Aggregated benchmark scores for 44 open-weight code models — HumanEval, LiveCodeBench, and SWE-bench Verified — compiled from original papers and third-party evaluations.
The frontier has bifurcated. A small cluster of MoE-architecture models — Kimi K2.5, Qwen3-Coder-480B, and Devstral 2 — now dominate real-world agent tasks (SWE-bench Verified), while dense models max out the saturated HumanEval benchmark. HumanEval scores above 90% no longer differentiate models meaningfully.
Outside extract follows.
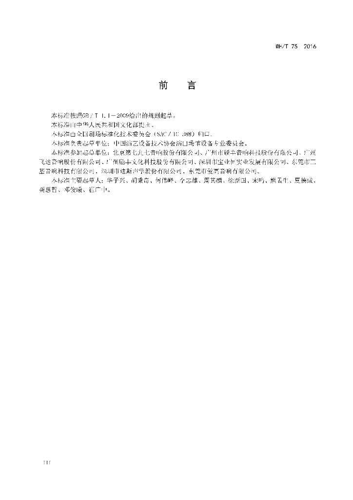 WH/T 75-2016 演出场所扩声用扬声器系统通用规范

LiveCodeBench is the new standard. Only 12 of 44 models report LiveCodeBench scores, but it is now the primary discriminator for frontier models. The gap between Kimi K2.5 (85.0 LCB) and the next open-weight model reveals how quickly the ceiling is rising.
SWE-bench Verified separates agents from assistants. With only 4 models reporting scores, SWE-bench data is sparse but decisive: it measures whether a model can autonomously resolve real GitHub issues, not just complete synthetic problems. Scores above 65% represent a qualitative capability threshold.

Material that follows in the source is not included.